Research · Software Testing

What Are Order-Dependent Flaky Tests?

Order-dependent flaky tests (OD tests) are a specific category of flaky test that only fail when executed after a particular 'polluter' test. The polluter modifies some shared state — a database, a static variable, a file — and does not restore it. When the victim test runs next, it encounters unexpected state and fails.

By Hasnain Iqbal · Updated 1 April 2025

The Polluter-Victim Relationship

Every order-dependent flaky test involves at least two tests:

The polluter — a test that modifies shared state and does not restore it after the test completes. On its own, the polluter passes.

The victim — a test that assumes a certain initial state. When it runs after the polluter, that assumption is violated and the test fails. In isolation, the victim also passes.
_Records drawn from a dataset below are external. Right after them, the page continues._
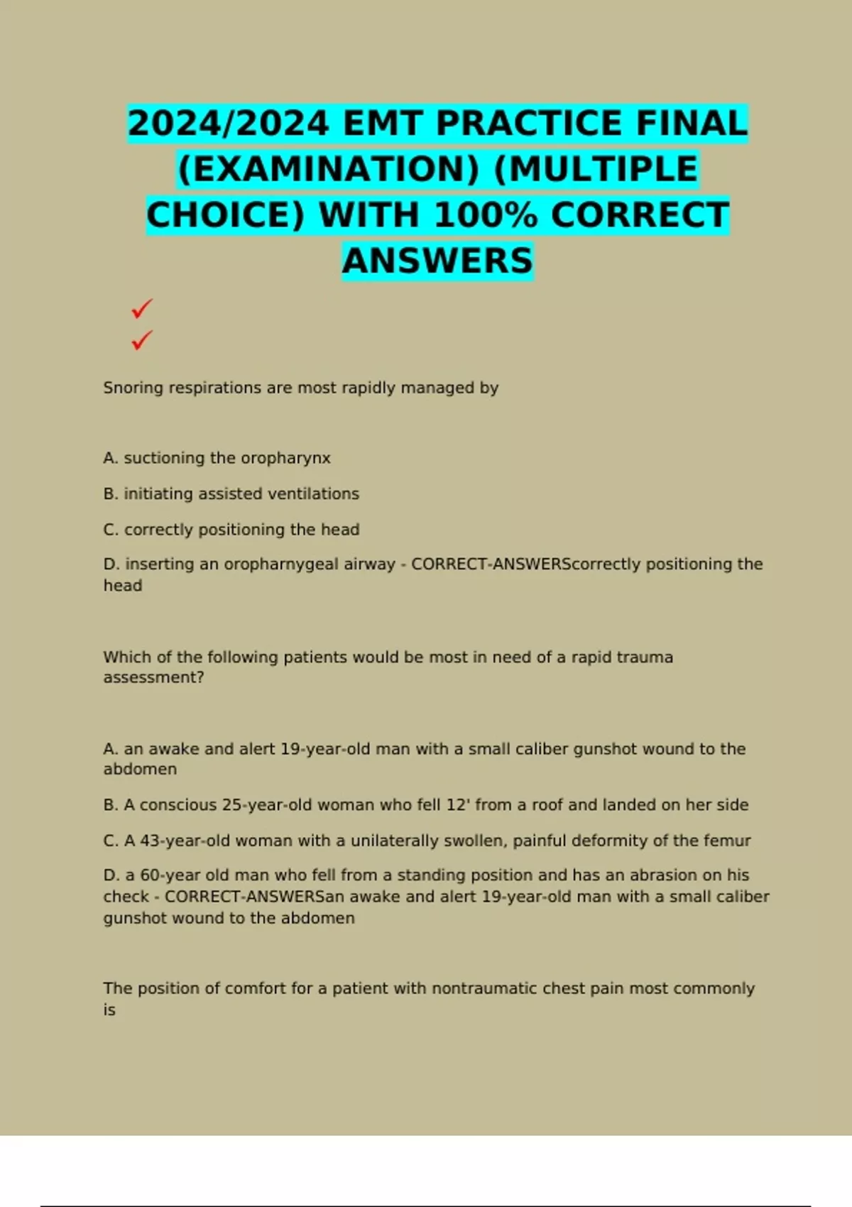 2024/2024 EMT PRACTICE FINAL (EXAMINATION) (MULTIPLE CHOICE) WITH 100% CORRECT ANSWERS
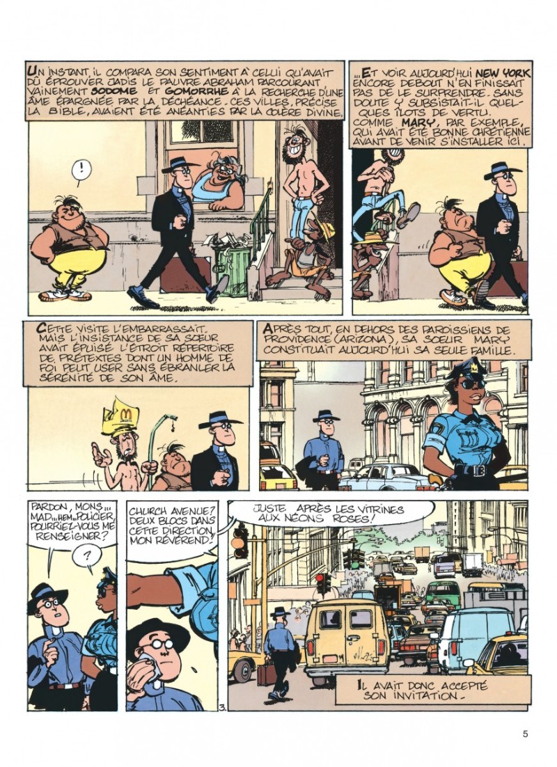 Un excellent tome! ... Tome.. .tome... haha? Le meilleur des trois premiers! Cette histoire de vrai pasteur invité par la mère de notre faux pasteur est prenante! Beaucoup de bonnes idées, comme par exemple cette chapelle empruntée qui a comme paroissiens des prisonniers en transit... Ce qui me fascine toujours dans Soda, c'est à quel point j'imagine mal un éditeur vouloir publier une histoire comme ça aujourd'hui. On se moque de tout dans Soda, et les caricatures sont nombreuses...BDGest 2014 - Tous droits réservés
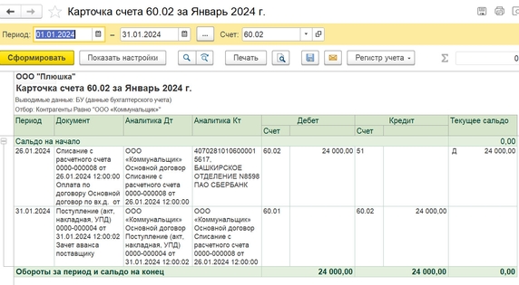 Более подробно операции по счету 60.02 можно посмотреть в карточке счета ниже.
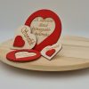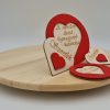Kézzel készített, lézergravírozott és vágott fa szív dekoráció pár. Kiváló minőségű, 3 mm vastag rétegelt lemezből, precíz, füstmentes technológiával. A színek és a gravírozott felirat teljes mértékben személyre szabhatók, hogy tökéletesen illeszkedjenek elképzeléseidhez. Ideális választás egyedi ajándéknak vagy különleges lakásdekorációnak.
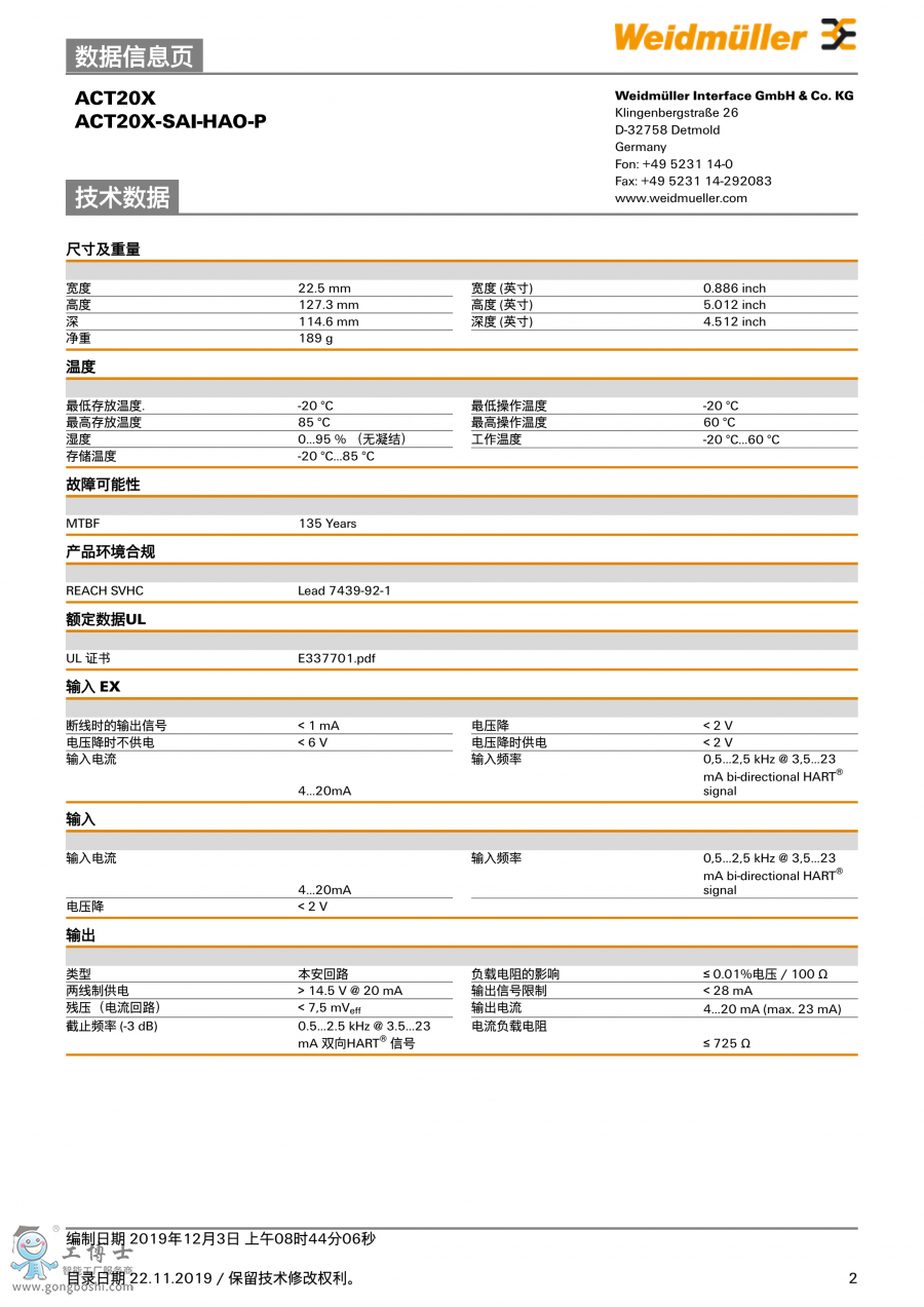 ACT20X-SAI-HAO-P 魏德米勒 防爆信號隔離轉換器 訂貨號2456160000 |

The insidious part: both tests pass individually and in most orderings. The failure only surfaces when the victim runs immediately (or eventually) after the polluter. In a large test suite run in a random order, this specific pairing may occur rarely — making the test appear to "work most of the time."

There is also the state setter-brittle test pattern: a test only passes when run after a specific other test that sets up state the brittle test depends on. This is the inverse relationship.

Common Sources of Shared State

The shared state that OD tests exploit comes from several sources:

Static/global variables — class-level variables in Java or Python that persist across test method boundaries.

Database state — tests that insert or delete records without rolling back transactions.

File system — tests that create, modify, or delete files or directories.

Environment variables — tests that set environment variables and do not unset them.

Singletons and caches — application-level singletons or caches initialised once and shared across tests.

JVM or runtime state — class loading, security managers, or locale settings changed by one test.

Why They Are Hard to Detect

OD tests are particularly difficult to detect for several reasons.

Exponential search space — for a suite of N tests, there are N! possible orderings. Exhaustively testing every ordering is infeasible for any suite with more than a few dozen tests.

Low individual probability — in a large suite run in a single standard order, a specific polluter-victim pairing may never occur, hiding the OD relationship entirely.

CI randomisation — many CI systems run tests in a fixed order by default. The OD relationship only becomes visible when randomisation is introduced.

Inter-test distance — the polluter does not need to immediately precede the victim. State pollution can persist across many intervening tests, making the causal relationship hard to trace.

Research I have conducted at IIT, University of Dhaka, explored how to prioritise potential OD test pairs for re-execution — dramatically reducing the number of runs needed to confirm OD relationships, which is the main bottleneck in OD test detection at scale.

Detection Tools and Approaches

iDFlakies (University of Illinois) — runs tests in randomised orderings and collects failure data to classify flaky tests by type.

DeFlaker (University of Massachusetts) — detects flaky tests by comparing test results between the current and previous commits.

SHAKER — a static analysis tool that identifies tests likely to be order-dependent by analysing shared state access.

Prioritisation-based detection — rather than random shuffling, identify test pairs that are most likely to have an OD relationship based on shared state analysis, and test only those pairs first. This significantly reduces CI time.

Fixing Order-Dependent Flaky Tests

The fix for OD tests is hermetic test design:

1. Setup and teardown — use setUp/@Before and tearDown/@After methods to initialise and restore all state required by each test.

2. Database isolation — wrap each test in a transaction that is rolled back, or use an in-memory database that is recreated per test.

3. Static state reset — explicitly reset all static variables in teardown, or refactor to avoid static state entirely.

4. Dependency injection — inject dependencies rather than using global singletons, making it easier to provide fresh instances per test.

5. Test doubles — use mocks and stubs for external resources so that shared state is never modified.

Related research

I published research on this topic at the International Flaky Tests Workshop (FTW), co-located with IEEE/ACM ICSE 2025 — exploring how to prioritise potential order-dependent flaky tests to reduce CI re-run costs.

Read the paper →

Frequently asked questions

What is an order-dependent flaky test?

An order-dependent flaky test is one that only fails when run after a specific other test (called the polluter). The polluter leaves shared state that the victim test incorrectly depends on, causing it to fail in that particular ordering.

How do I detect order-dependent tests?

The standard approach is to run the test suite in multiple different orderings and flag tests that produce inconsistent results. Tools like iDFlakies automate this. Prioritisation-based approaches reduce the number of orderings that need to be tested.

What is a polluter test?

A polluter is a test that modifies shared state — a database, a static variable, an environment variable — and does not restore it after the test completes. On its own, the polluter passes. It only causes problems when it runs before certain other tests that rely on the original state.

Are all flaky tests order-dependent?

No. Order-dependent (OD) tests are one category of flaky tests. Other categories include async/timing-related tests, tests with external dependencies, tests affected by network conditions, and tests that depend on platform or environment characteristics.